The data:
▬▬▬▬▬▬▬▬▬▬

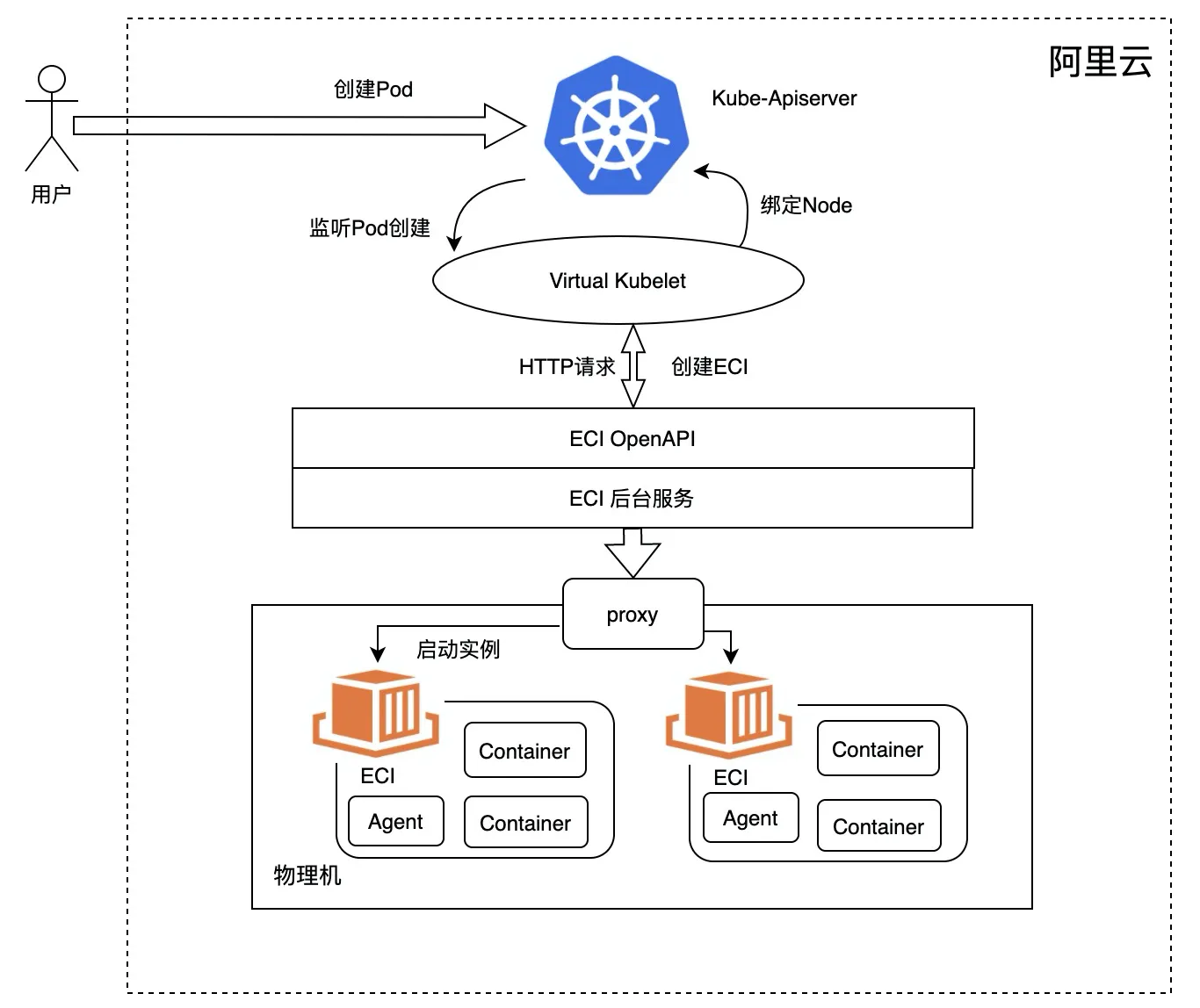 这里大家可能有疑问,上面介绍了 Virtual Kubelet ,而 ECI 里面还有一个精简的 Kubelet,两者是不是存在冲突?
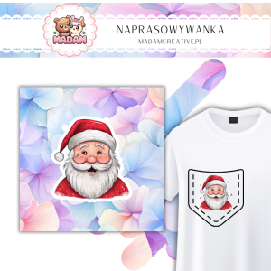 Naprasowywanka na ubrania MaDam - Święty Mikołaj Uśmiechnięty Mikołaj gotowy na każdą koszulkę! 6.5 cm
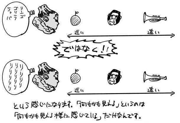 芥見下々先生直々の、無下限呪術・無量空処についての説明です。作中で漏瑚は「いつまでも情報が完結しない」と言っていましたが、絵に描くとこんな感じだそうです。「何もかも見える様に感じている」だけで、リンゴの次のゴリラの情報にたどり着けていない感じのようです。

▬▬▬▬▬▬▬▬▬▬

Task directions:
Could you write out the whole listing exactly, dropping the pictures?

Reply:
 这里大家可能有疑问,上面介绍了 Virtual Kubelet ,而 ECI 里面还有一个精简的 Kubelet,两者是不是存在冲突?
 Naprasowywanka na ubrania MaDam - Święty Mikołaj Uśmiechnięty Mikołaj gotowy na każdą koszulkę! 6.5 cm
 芥見下々先生直々の、無下限呪術・無量空処についての説明です。作中で漏瑚は「いつまでも情報が完結しない」と言っていましたが、絵に描くとこんな感じだそうです。「何もかも見える様に感じている」だけで、リンゴの次のゴリラの情報にたどり着けていない感じのようです。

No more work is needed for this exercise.